Proud to be an American again today. A federal judge has ruled that the state's ban on same-sex marriage violated the 14th Amendment's rights to equal protection and due process of law. The decision was apparently very impressively put together; and is very likely to be appealed up to, and decided in, the Supreme Court.
Here are a couple of brief, punchy quotes from the ruling.
Moral disapproval alone, is an improper basis on which to deny rights to gay men and women.
Proposition 8 fails to advance any rational basis in singling out gay men and lesbians for denial of a marriage license. Indeed, the evidence shows Proposition 8 does nothing more than enshrine in the California Constitution the notion that opposite-sex couples are superior to same-sex couples. Because California has no interest in discriminating against gay men and lesbians, and because Proposition 8 prevents California from fulfilling its constitutional obligation to provide marriages on an equal basis, the court concludes that Proposition 8 is unconstitutional.

Here are a couple of good articles for further reading.
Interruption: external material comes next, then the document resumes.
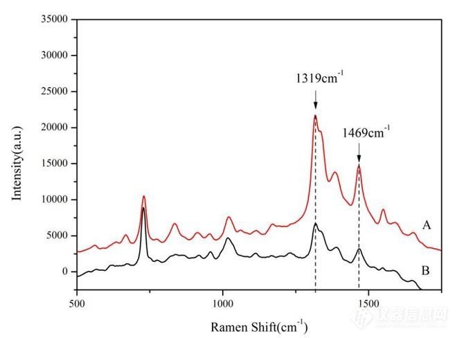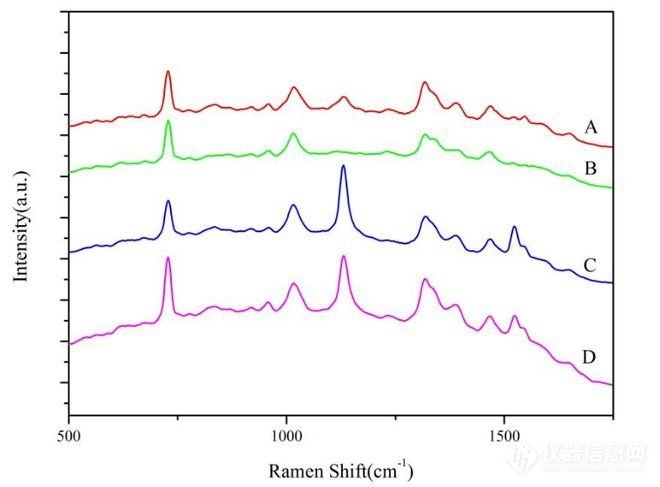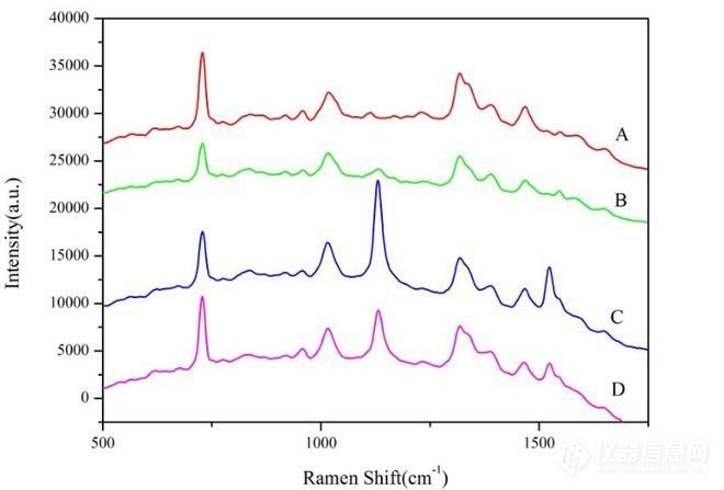 图1 不同拉曼基底的虫草素拉曼光谱图

Judge Walker's decision to overturn Prop 8 is factual, well-reasoned, and powerful
Among his most notable determinations of fact, Walker finds: states have long discriminated in matters of who can marry; marital status affects immigration, citizenship, tax policy, property and inheritance rules, and benefits programs; that individuals do not choose their own sexual orientation; California law encourages gay couples to become parents; domestic partnership is a second-class legal status; permitting same-sex couples to marry does not affect the number of opposite-sex couples who marry, divorce, cohabit, or otherwise screw around. He found that it benefits the children of gay parents to have them be married and that the gender of a child's parent is not a factor in a child's adjustment.
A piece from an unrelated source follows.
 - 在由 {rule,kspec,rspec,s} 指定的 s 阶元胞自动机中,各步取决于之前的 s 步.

The decision, though an instant landmark in American legal history, is more than that. It also is a stirring and eloquently reasoned denunciation of all forms of irrational discrimination.
California's Proposition 8, which passed in 2008 with 52 percent of the vote, discriminated against [gays] by prohibiting same-sex marriage and relegating them to domestic partnerships. The judge easily dismissed the idea that discrimination is permissible if a majority of voters approve it; the referendum's outcome was "irrelevant," he said, quoting a 1943 case, because "fundamental rights may not be submitted to a vote."

What this comes down to is whether gay people are inferior to straight people, and whether their citizenship is thereby to be deemed inferior as well. The entire weight of the American tradition stands athwart the imposition of a second-class group of people and declares: No!